And as you pick up the various pieces you discover that one of the pieces of that jig-saw has the word Deception written across it in bold letters, because deception was woven into the very fabric of this familie’s life.

Jacob, Joseph’s father was a deceiver from his earliest days, and he learned the art of deception and was encouraged in the practice of it by his mother Rebekah.

And as you read the history of this family circle you discover one case of deception after another. You recall for example, how encouraged by and conspiring with his mother Rebekah, Jacob deceived his ageing and almost blind father Isaac into bestowing the blessing of the family inheritance upon him instead of his brother Esau who was the rightful heir as the eldest of the two sons. (Gen27).

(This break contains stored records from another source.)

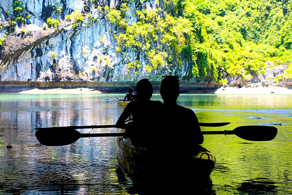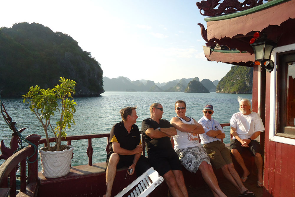 Greet the day with Tai Chi on the upper deck before breakfast on board. Then transfer to a day boat for a cruise to Lan Ha Bay, exploring the Light and Dark Cave by kayak, swimming and relaxing at the beaches. After a BBQ lunch on board there is time for more kayaking or leisure at the beaches. Visit the floating pearl farm and swim at the Three Peach Beach (weather permitting). After cruising back to the main boat you can enjoy sunset cocktails and dinner with your fellow travellers to talk about your perfect day on the bay.
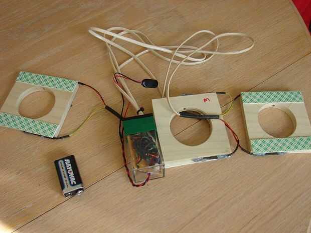 Hermano de un compañero construyó un circuito electrónico con tres vigas de sensor a colocar en el casco del barco. Cuando una bola rompe el haz de la unidad emite un sonido de explosión que se entrega a través de un par de altavoces de la computadora. Esto fue un toque impresionante!
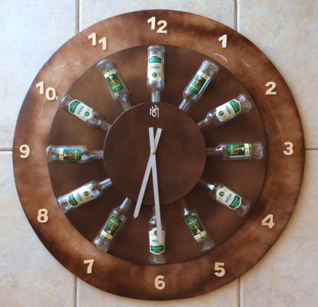 ρολόι τοίχου 50 εκατοστών φτιαγμένο από μπουκαλάκια ούζου
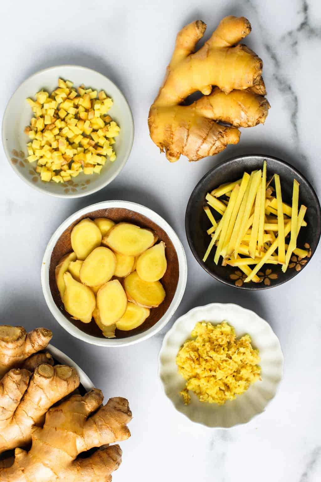 whole ginger root, slices, diced, silvers and paste in bowls
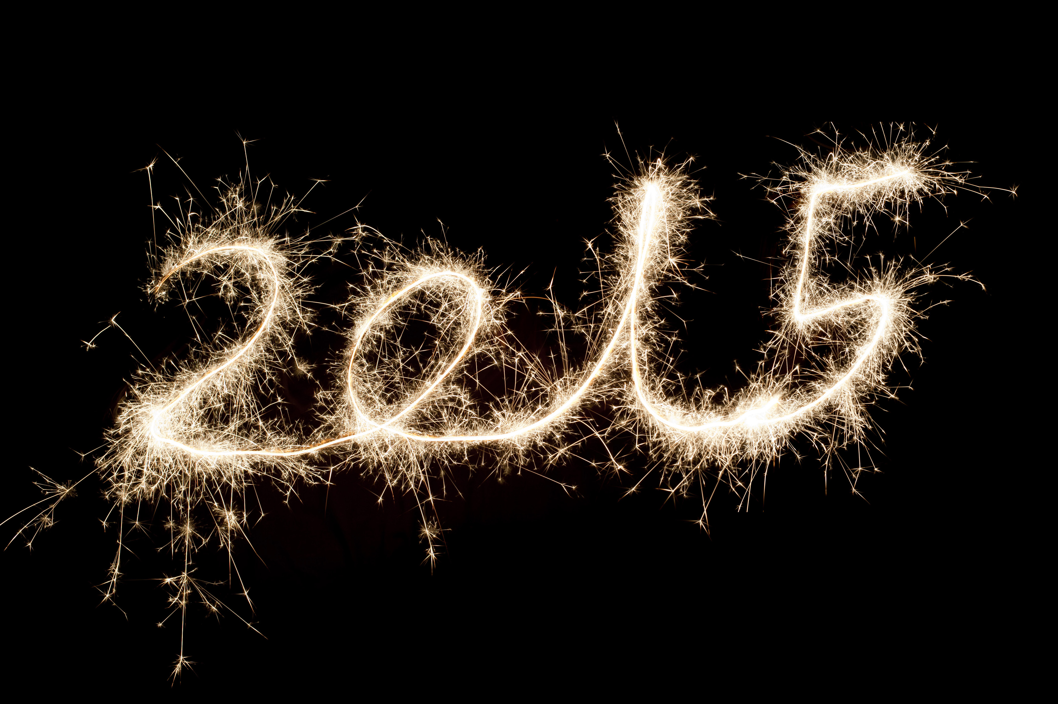 sparkling trails of light drawing out the numbers 2015 in glowing light to welcome in the new year
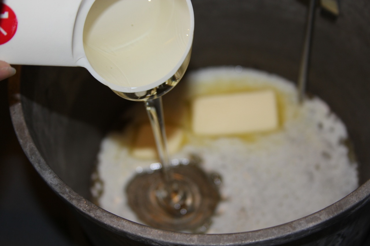 Have a cube of soft butter handy for handling. In a heavy bottom stock pot, melt butter, add karo.
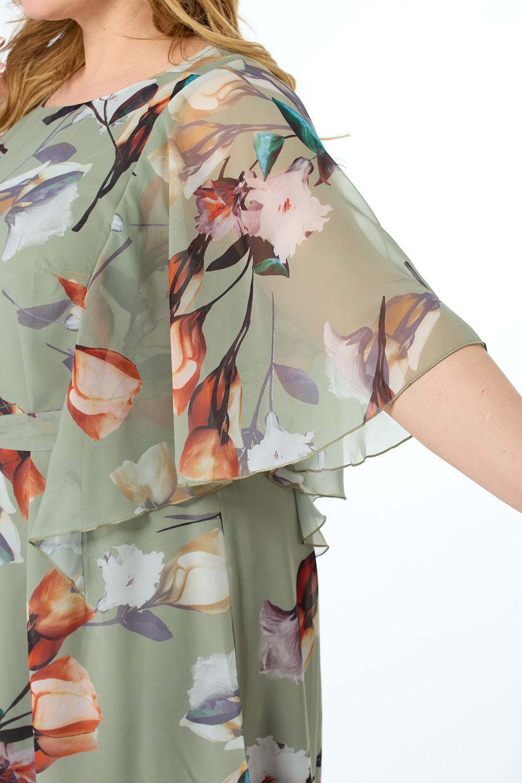 Особенность этого нарядного платья – рукав-пелерина, вшитый в рельефы переда и спинки, который широко использовал в своих коллекциях Пьер Карден. Завершает образ подчёркивающий фигуру завязывающийся пояс выше линии талии.
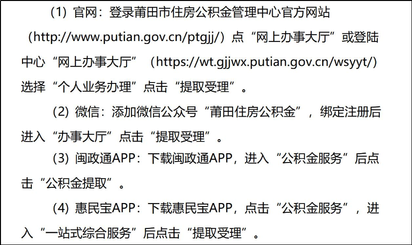 福建省住房公积金网上办事大厅(https://cx.fjszgjj.com/wsyyt/yyt.html?t=1717138980146);莆田市住房公积金管理中心微信公众号、闽政通及惠民宝APP
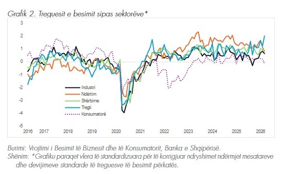 Në shërbime, besimi ra lehtë me 0.5 p.p, i ndikuar nga një rënie e vogël e kërkesës dhe e aktivitetit. Pritjet për çmimet në të ardhmen u rritën ndjeshëm.
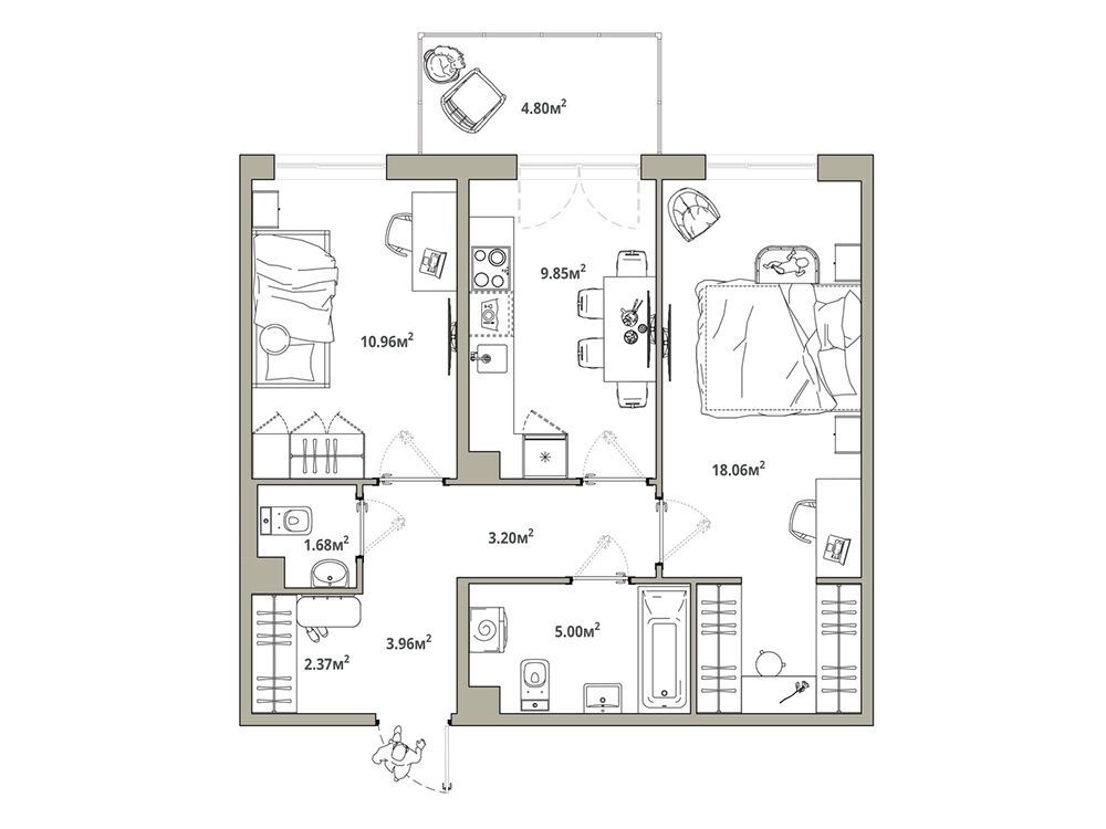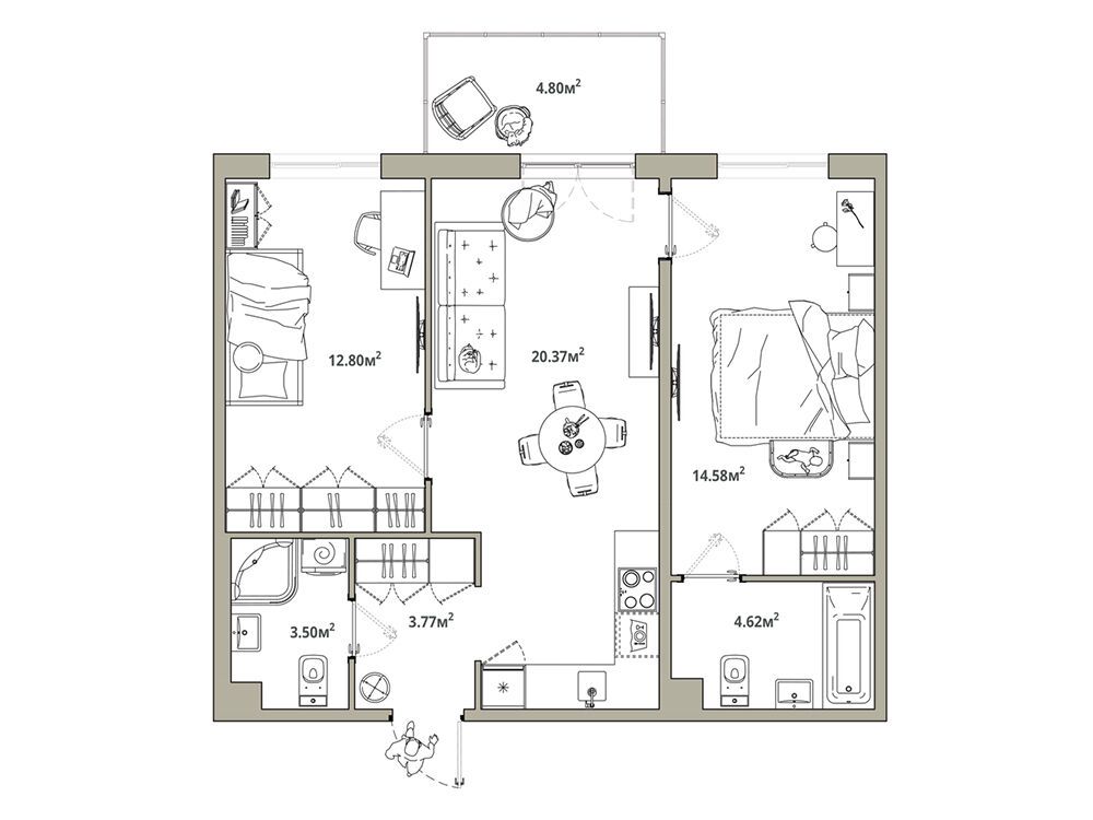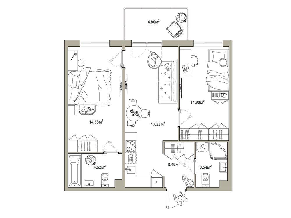 2-комнатная, 59.64 м²
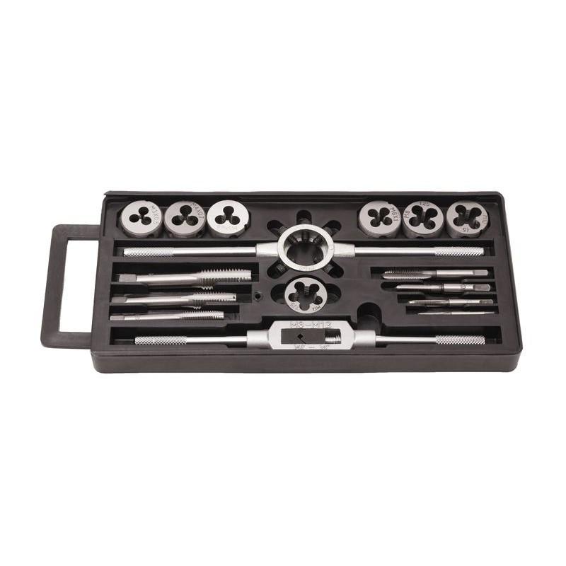 Набор метчиков и плашек SCHEPPACH SCH-PD016-1 — это профессиональный комплект из 16 предметов, предназначенный для нарезания метрической резьбы в отверстиях. Он идеально подходит для использования в различных сферах, где требуется работа с резьбовыми соединениями. Основные преимущества: Высокое качество: Инструменты изготовлены из прочной инструментальной стали, обеспечивающей долгий срок службы и возможность нарезания резьбы даже на прочных сплавах. Профессиональный класс: Набор предназначен для профессионального использования, что гарантирует его надежность и износостойкость. Удобное хранение: Набор поставляется в прочном кейсе для удобного хранения и транспортировки. Комплектация: Метрические метчики: М3х0.5, М4х0.7, М5х0.8, М6х1, М8х1.25, М10х1.5, М12х1.75 (7 шт.) Метрические плашки: М3х0.5, М4х0.7, М5х0.8, М6х1, М8х1.25, М10х1.5, М12х1.75 (7 шт.) Метчикодержатель М3-М12 (1 шт.) Плашкодержатель 25мм O/D (1 шт.) Кейс (1 шт.) Области применения: Профессиональный ремонт и обслуживание оборудования Промышленное производство Ремонт автомобилей Любые работы, где требуется нарезание метрической резьбы Технические характеристики: Тип резьбы: Метрическая Количество предметов: 16 Материал: Инструментальная сталь Упаковка: Кейс
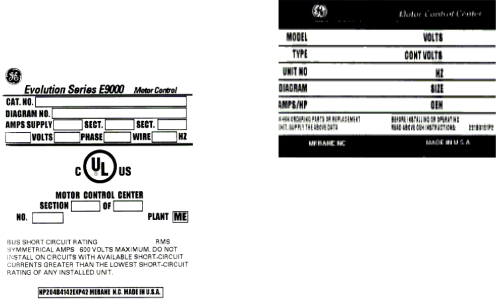 1. Equipment GE Evolution Series E9000 motor control center.
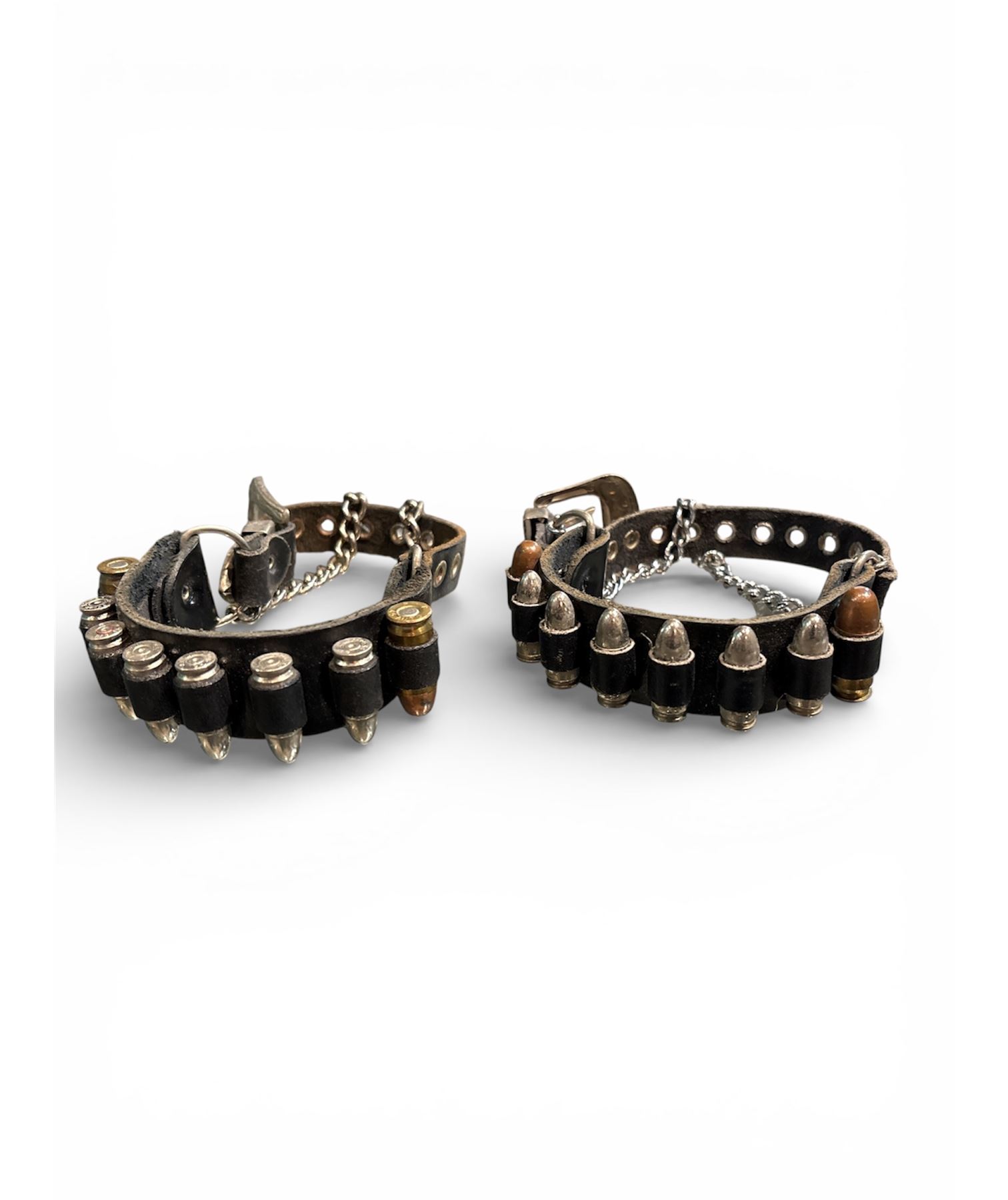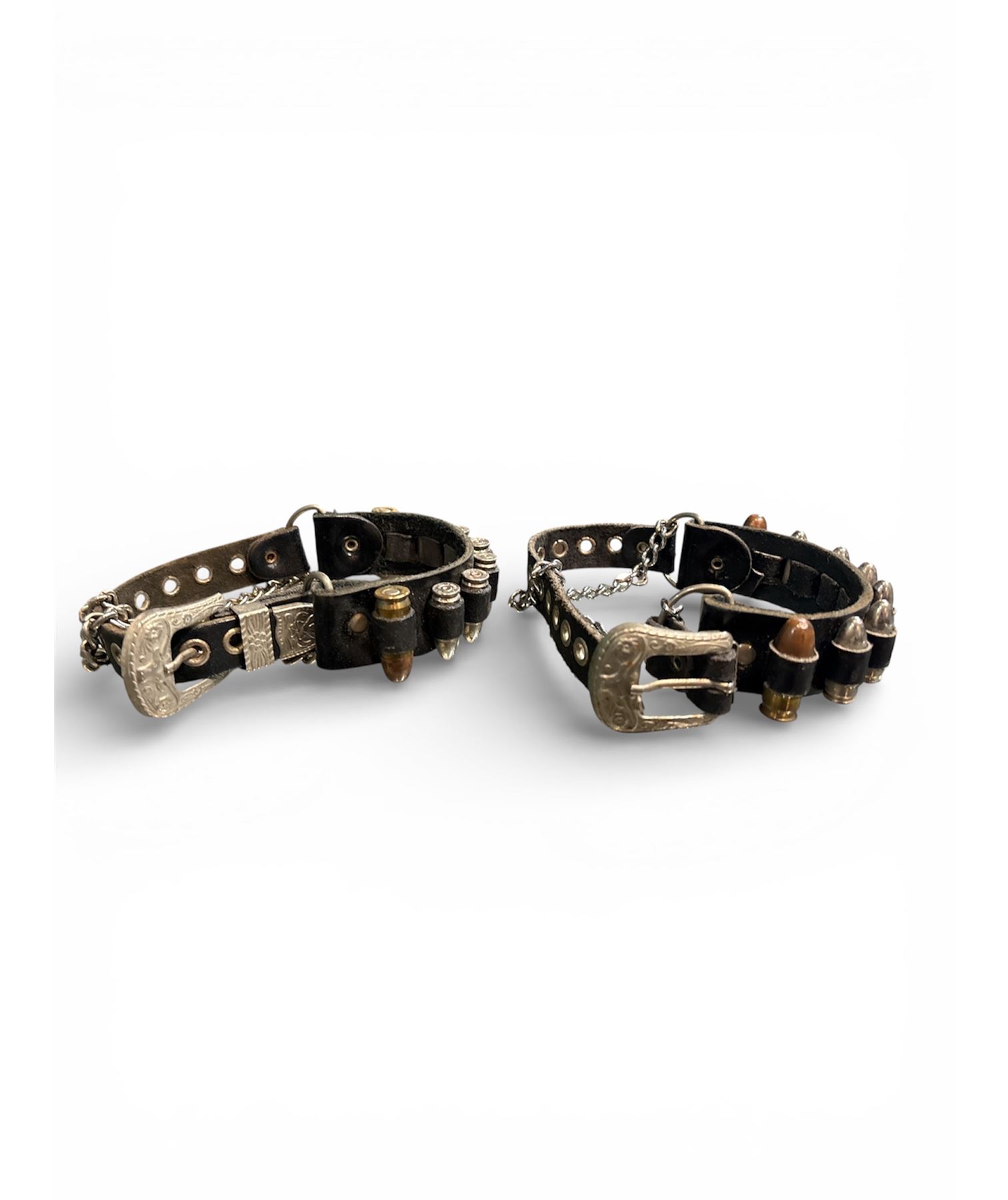 Lot includes two leather bandolier-style dog collars featuring decorative deactivated bullets. Collars designed for visual appeal with bandolier-style design. No active ammunition included. Item is as pictured.

You remember how as a result of that deception there developed such a hatred towards Jacob on the part of Esau that Esau vowed to kill Jacob.

That led in turn to Rebekah once again demonstrating her lying and deceptive streak by persuading Isaac to send Jacob away to Laban to supposedly look for a wife when in fact the real reason was to save her favorite son’s skin from his brothers murderous intentions. (End of Gen 27).

Then as you follow the story through you discover that Laban, Rebekah’s brother, also manifested this particular personal characteristic of deception, when he deceived Jacob on his wedding night by giving him Leah as his wife, instead of Rachel whom he loved.

I don’t know how Jacob fell for that. My mum always tells me open your eyes very wide before you get married because after that you will have to close them many times.

Then there was further scheming and deception in the business deal that Jacob and Laban struck up over the division of their livestock with each trying to get the better of the other.